* _The task_:
Line by line, the data below should be set down unchanged, with images excluded.

* _Data shown_:
※ ※ ※

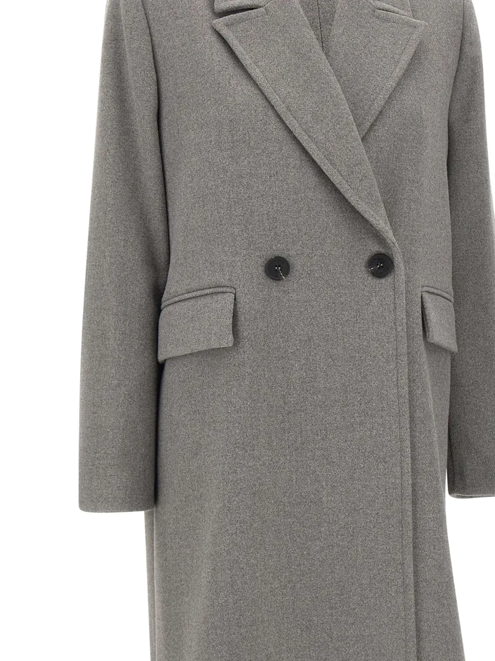 Серый пиджак с лацканами, клапанами на карманах, двубортной застежкой и прямым кроем
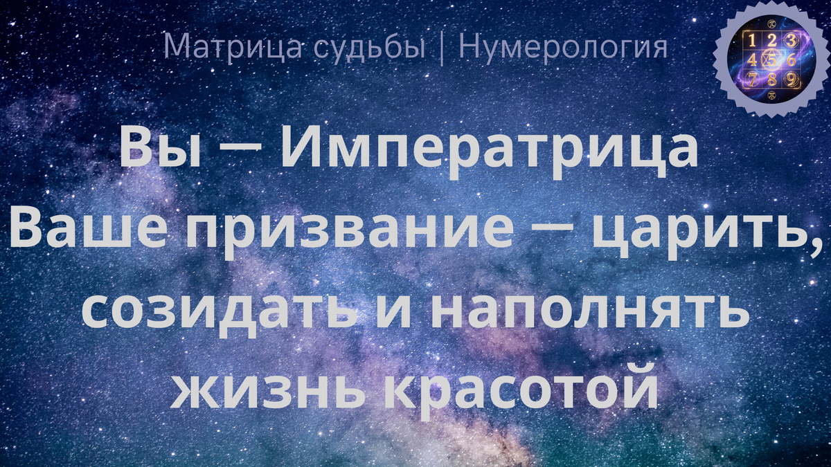 Пока Маг творит идеи, а Жрица хранит тайны, вы являетесь воплощением самой жизни в её самом щедром проявлении. Энергия №3 — это Императрица, Хозяйка, Мать Мира. Это самый женственный, плодородный и изобильный аркан. Вы пришли не просто жить, а взращивать, украшать и наполнять всё вокруг собой. Ваша стихия — сама Земля, дарующая плоды. Ваша суть: благодатная почва и мудрое правление Ваша энергия — про созидание в самом широком смысле. Это не только рождение детей (хотя для многих это ключевой путь), но и создание бизнеса, дома-крепости, произведений искусства, уютного пространства, где всем хорошо. Вы — хозяйка своей жизни. Ваша задача — личным примером показать, как можно жить в роскоши, статусе и гармонии, не идя по головам, а с позиции мудрости, заботы и рассудительности. Вы соединяете духовное и материальное. Для вас важно и красивое платье, и душевный разговор; и статусный автомобиль, и цветущий сад. Ваш вызов — проработать тему женственности, материнства и рода. Обиды на мать или
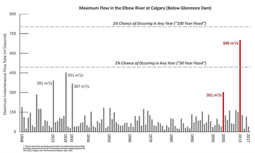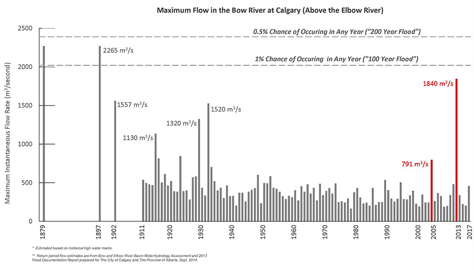 While the floodplains are generally beautiful places to play, work, and live on, they also come with the eponymous hazard of being floodplains. Flooding data have been kept on both the Bow and Elbow Rivers since 1870. The graphs below show the water flow rates on the rivers.

※ ※ ※

* _Written solution_:
 Серый пиджак с лацканами, клапанами на карманах, двубортной застежкой и прямым кроем
 Пока Маг творит идеи, а Жрица хранит тайны, вы являетесь воплощением самой жизни в её самом щедром проявлении. Энергия №3 — это Императрица, Хозяйка, Мать Мира. Это самый женственный, плодородный и изобильный аркан. Вы пришли не просто жить, а взращивать, украшать и наполнять всё вокруг собой. Ваша стихия — сама Земля, дарующая плоды. Ваша суть: благодатная почва и мудрое правление Ваша энергия — про созидание в самом широком смысле. Это не только рождение детей (хотя для многих это ключевой путь), но и создание бизнеса, дома-крепости, произведений искусства, уютного пространства, где всем хорошо. Вы — хозяйка своей жизни. Ваша задача — личным примером показать, как можно жить в роскоши, статусе и гармонии, не идя по головам, а с позиции мудрости, заботы и рассудительности. Вы соединяете духовное и материальное. Для вас важно и красивое платье, и душевный разговор; и статусный автомобиль, и цветущий сад. Ваш вызов — проработать тему женственности, материнства и рода. Обиды на мать или
 While the floodplains are generally beautiful places to play, work, and live on, they also come with the eponymous hazard of being floodplains. Flooding data have been kept on both the Bow and Elbow Rivers since 1870. The graphs below show the water flow rates on the rivers.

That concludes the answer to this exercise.